Between 2002 and 2003, Buckley lost two brothers, Mark (30) and James (22) to suicide. This prompted him to become an active mental health, wellness and suicide prevention campaigner and he has spoken about his experience many times. Buckley and other concerned people in the Midelton community set up a charity, the Let's Get Together Foundation, to help raise awareness of the problem.

Political career
Buckley was elected to Cork County Council for the Cork East local electoral area in 2014, with 12.11% of the first preference vote, with his party running mate Michelle Hennessy narrowly missing out on the last seat with 9.33% of the vote.

In 2016, Buckley ran in the general election for the Cork East constituency, retaining the Sinn Féin seat won by Sandra McLellan in 2011 with 5,358 first preference votes.

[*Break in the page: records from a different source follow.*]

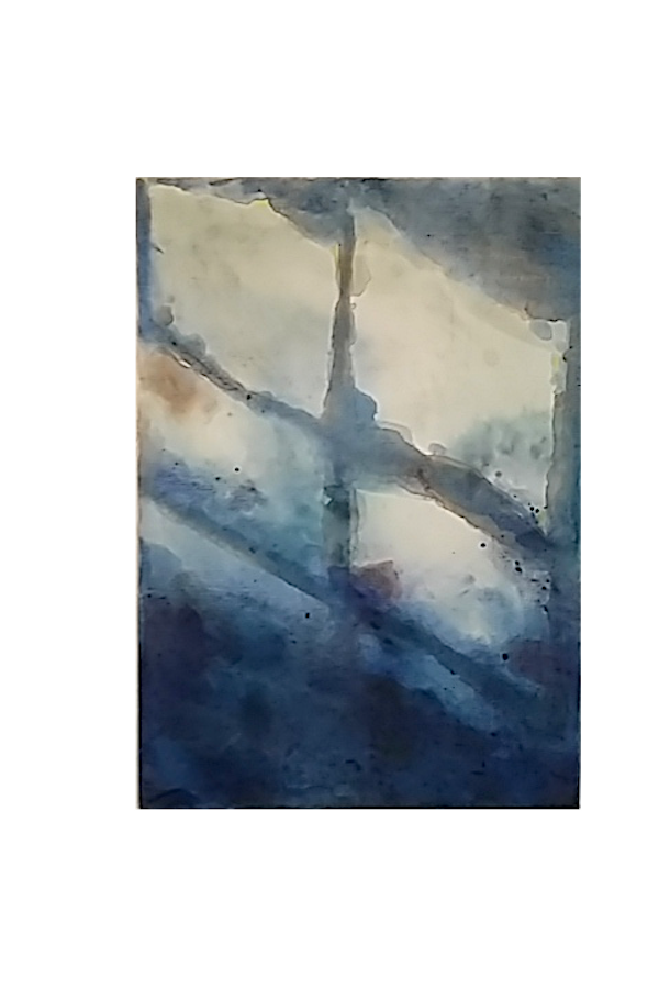 A wave, although this looks rather abstract as a result of my scrunching of the canvas. Same technique as the previous two, very diluted acrylic paint applied wet on wet in many layers. I was lucky in that I could use the fantastic space of Brevens Hjärta (https://www.facebook.com/www.brevenshjarta.se/) and be able to move the comparatively large canvas around on the floor in order to force the paint to run and settle where I wanted it to. The building is old with an uneven floor so tilting the canvas just so was acheived by inserting brushes of various sizes under the board onto which the canvas was stapled. I found that the paint separated into layers of pigment so coming back in the morning to inspect the result of the drying process was exciting!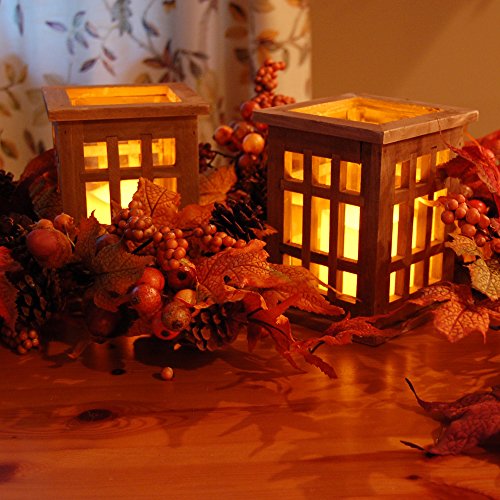 -. Feature : Included: 2 wooden lanterns with 4"battery operated led candles / Timer: 5 hours on / 19 hours off / Flickering amber glow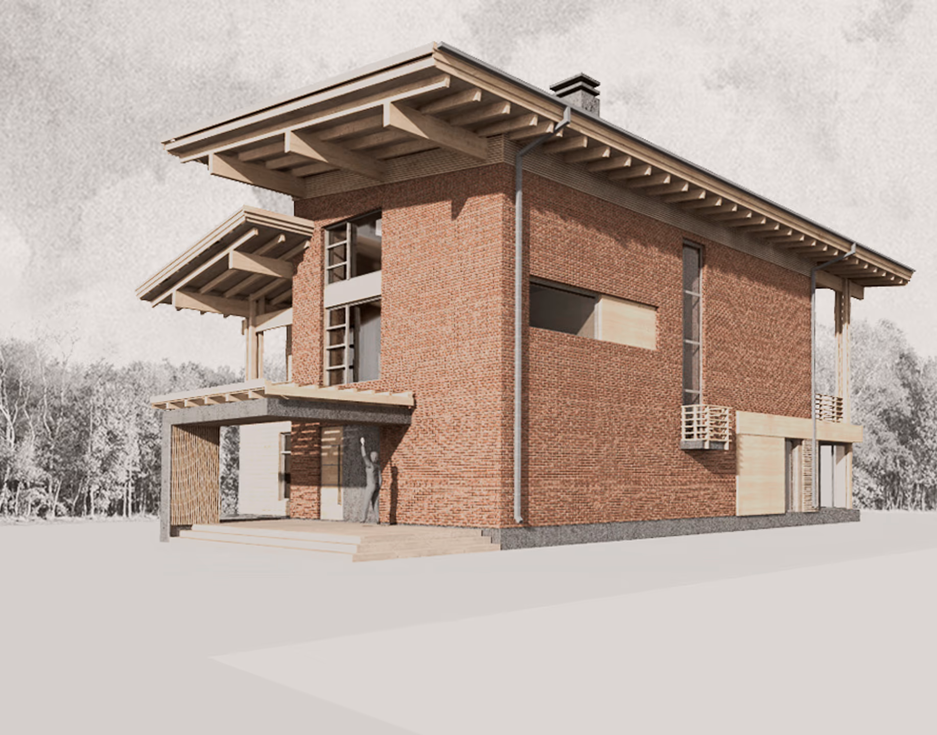 пристраивания дополнительного объема помещений, с устройством новых фундаментов. Композиционное решение дома основано на сочетании двух контрастных по материалу блоков — кирпичного с одной
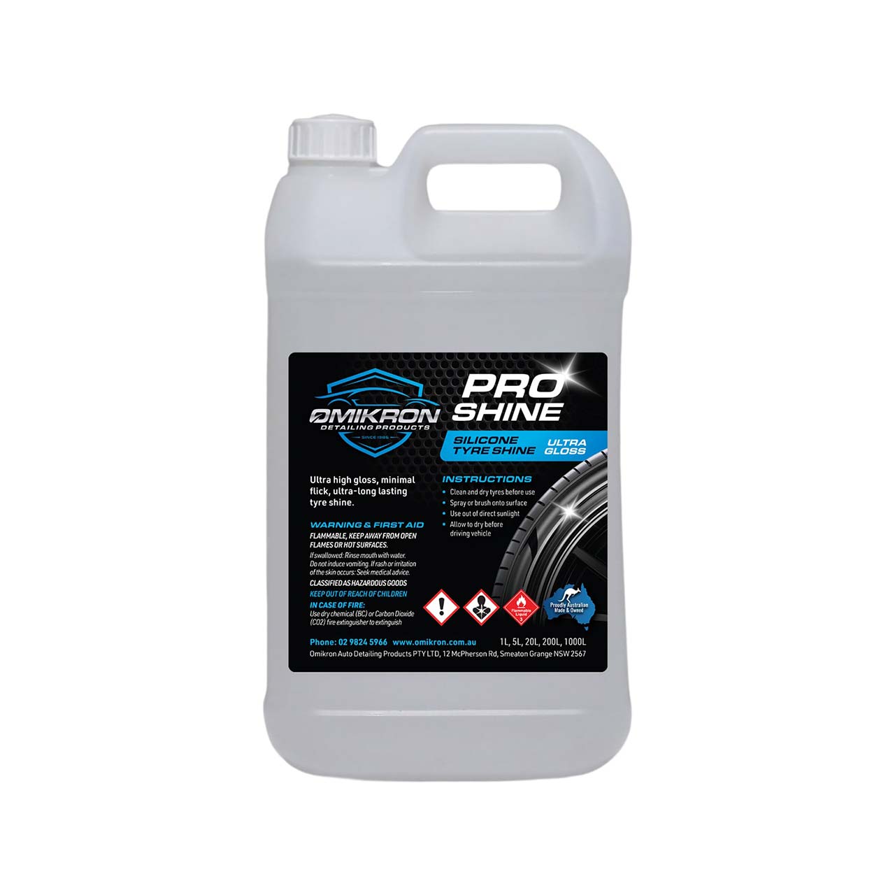 ***PICKUP ONLY: Pro Shine Tyre Shine - Ultra High Gloss, Long Lasting Silicone 5L Omikron
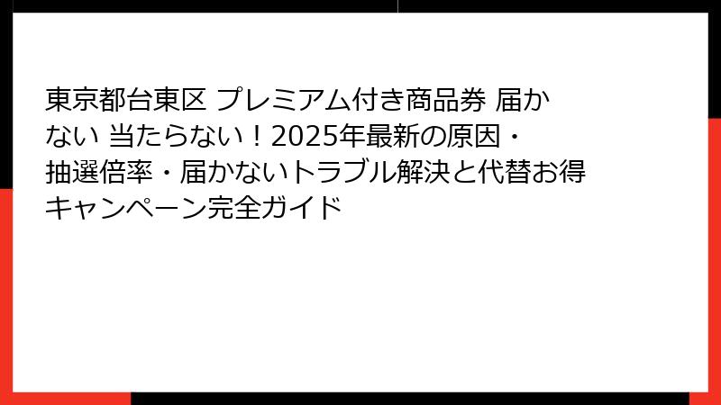- 東京都台東区のプレミアム付き商品券が届かない・当たらない!2025年最新の原因と解決策を徹底解明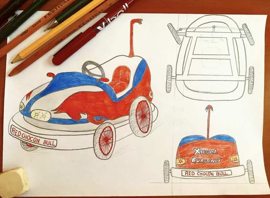 El Burganes Xiguiri Team no deja ni un solo día de trabajar en su auto loco que lo han denominado «Red Chocón Bull», en alusión a esta prueba. Con este diseño, realizado al estilo tradicional con lápiz, bolígrafo y pinturas de colores, han sido seleccionados entre más de 1000 solicitudes para ser uno de los 45 equipos participantes en la carrera sin motor más loca del año.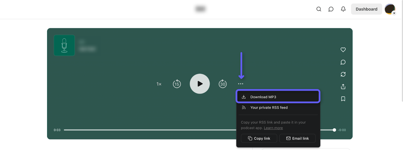 Download the audio file from Substack. Open the audio post in Substack. In the embedded player, click the 3 dots icon and select Download to save the audio file to your device.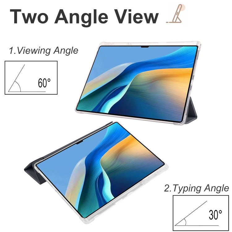For vivo Pad3 Pro 3-folding Transparent TPU Smart Leather Tablet Case with Pen Slot(Black)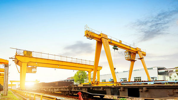 門式起重機:其橋架梁通過支腿支承在軌道上的起重機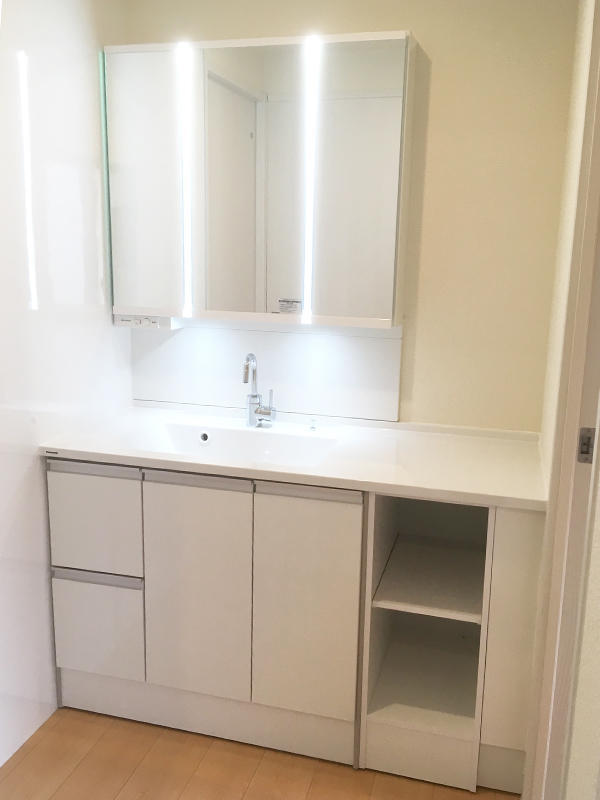 プラン上奥行きが制限されていたので、奥行きが530mmでありながら機能が充実しており、価格もお求めやすいパナソニック製のシーラインを採用しました。 「ツインラインLED照明」はタテ型の照明が鏡の両側から全体を照らしてくれるので、鏡も手元もはっきりと見える明るい空間になりました。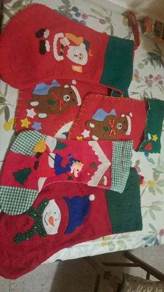 Set di quattro calze natalizie decorate. - Calza rossa con Babbo Natale - Calza rossa con orsetto e stelle - Calza rossa con bambina e scopa - Calza rossa con pupazzo di neve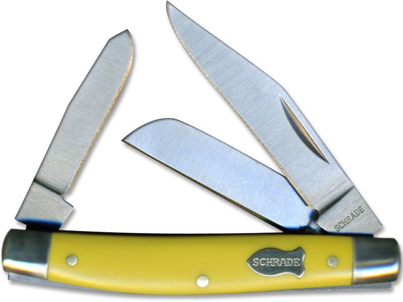 The illustrated Old Timer Knife is the Middleman Old Timer Knife that features clip, spey and sheepfoot blades made of stainless steel. The Yellow composite handle of this Old Timer knife, 3 5/16" closed, has brass liners, Schrade shield and nickel silver bolsters. This Middleman Old Timer Knife is imported.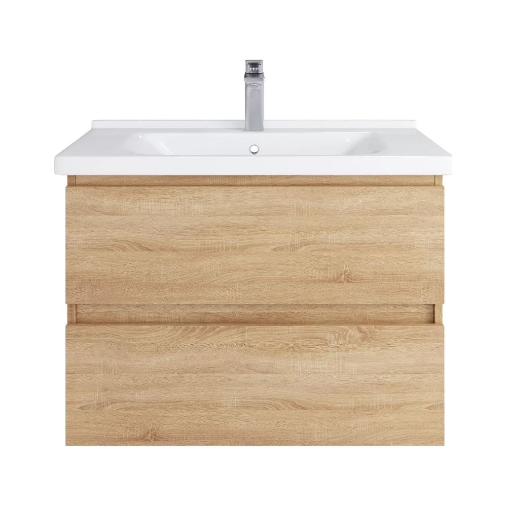 Тумба подвесная SanStar Тоскана 80 с раковиной Миранда 80 (комплект) для ванной комнаты белая производится на российском заводе, оснащенном высокотехнологичным европейским оборудованием под брендом SanStar. Под контролем отдела качества, с соблюдением ТУ и ГОСТ. Товар относится к серии Практик, отличительной особенностью которой являются оптимальное соотношение качества и цены. А линейка мебели Тоскана, выполненная в современном стиле, внесет в Вашу ванную комнату неповторимый дизайн и обновление. Дополнительно к тумбе возможно приобрести полный комплект мебели Тоскана, а именно зеркало или зеркальный шкаф, шкаф-пенал. Основные характеристики товара: Ширина 80,5 см, Высота 59,5 см, Глубина 45,5 см, Толщина материала 1,6 см, Вес 54 кг. Цвет мебели: дуб сонома светлый. Для изготовления корпуса и фасада используется влагостойкий ЛДСП - покрытие матовое. Фурнитура - хром. Два выдвижных ящика с направляющими скрытого монтажа и доводчиками Boyard. В комплект входят крепления к стене. Товар доставляется в предварительно собранном виде, состоит из 2 мест, надежно упакованных в пятислойный гофрированный картон. Страна производства Россия, гарантия 3 года, сертификат безопасности ТР ТС 025 RU Д-RU.АЖ.47.В.03010/18, код ТН ВЭД 9403609009. В набор входит раковина. Материал - фаянс. Миранда 80. Размеры изделия могут отличаться +/-1 см в связи со спецификой производства. Пожалуйста, учитывайте это при подборе.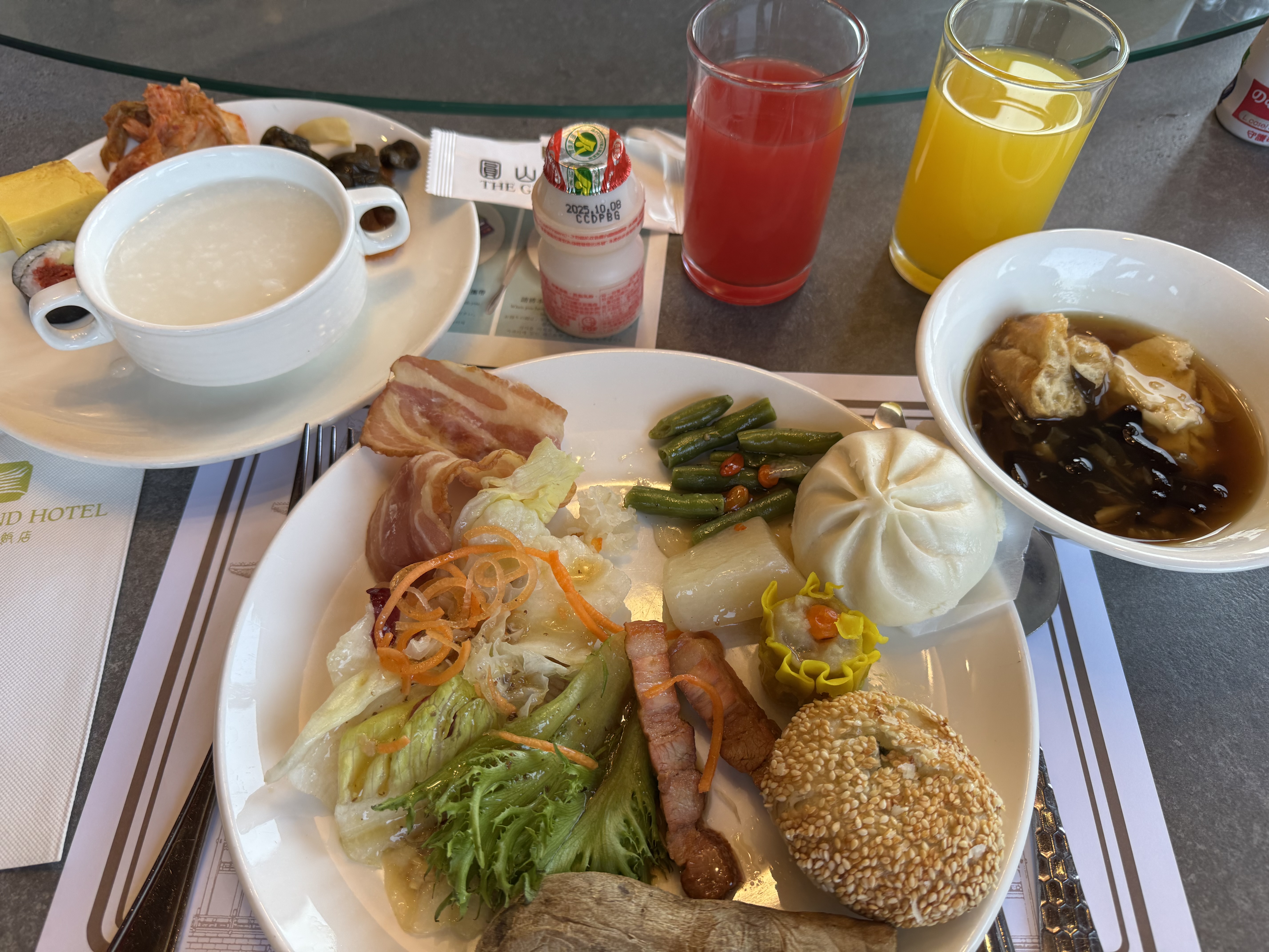 まずは朝食。圓山大飯店の朝ごはんはビュッフェ。台湾らしいメニューで良い感じです。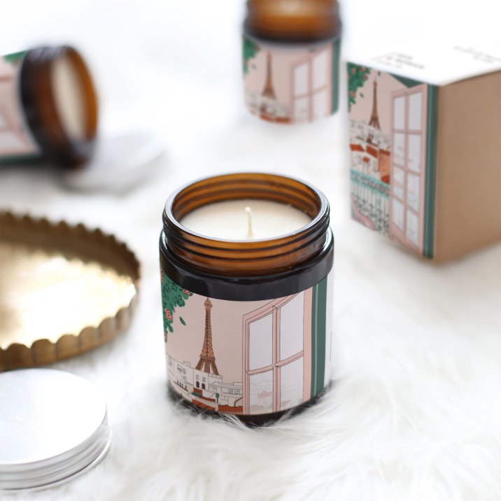 Die Kerze ist in Frankreich hergestellt und wird mit einem personalisierten Klebeetikett geliefert, das Sie selbst anbringen können. Nach dem Gebrauch kann sie mithilfe des Metalldeckels wieder verschlossen werden.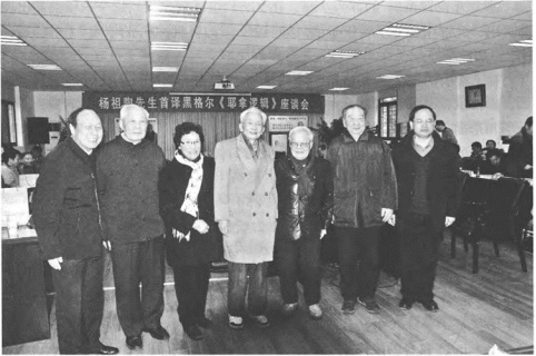 2012年《耶拿逻辑》首译座谈会与诸学者合影(左起郭齐勇、朱传启、肖静宁、刘纲纪、杨祖陶、陶德麟、江畅)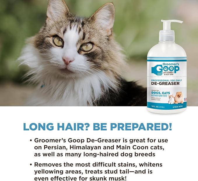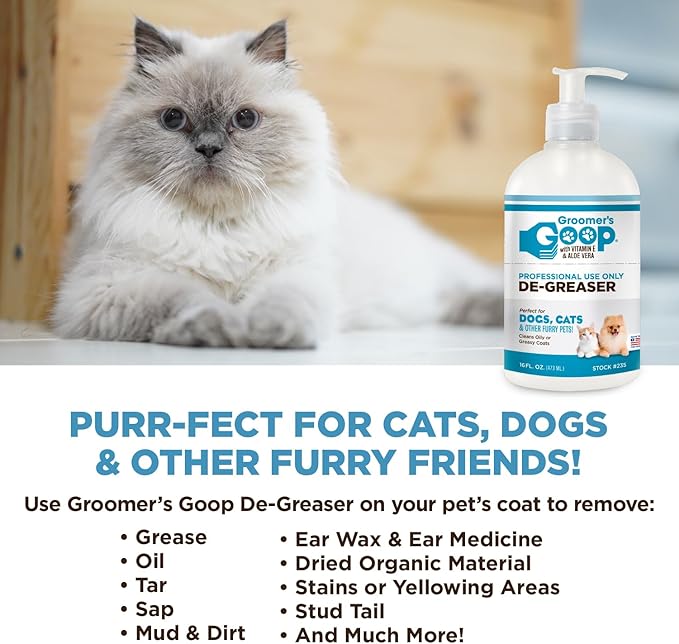 - ๐ง๐ต๐ฒ ๐ฏ๐ฒ๐๐ ๐ณ๐ผ๐ฟ ๐ผ๐ถ๐น๐ ๐ฐ๐ผ๐ฎ๐๐, Groomerโs Goop remove grease, stud tail, and stubborn grime from the coats of Persian, Himalayan, Maine Coon, all domestic cats and long-haired dogs.

In 2018, he was appointed Spokesperson on Mental Health and Suicide Prevention following Mary Lou McDonald's election to the role of President of Sinn Féin.

Since his election to the Dáil, he has been a member of the Oireachtas Committee on the Future of Healthcare helping to develop the Sláintecare report.

In 2017, Buckley was appointed to the Oireachtas Committee on the Future of Mental Healthcare which was tasked with developing a strategy for developing a world class public mental healthcare service.

At the general election in February 2020, Buckley was re-elected in the Cork East constituency.

Legal issues
Buckley received a three-year drink-driving ban and was fined €500 in December 2014 following an incident on 9 June 2013 when he was stopped while driving by Gardaí. Subsequent tests showed that Buckley was over three times above the permitted blood-alcohol level. Buckley stated after his conviction, "as a SF public representative I regret my actions and my choice to drive after drink."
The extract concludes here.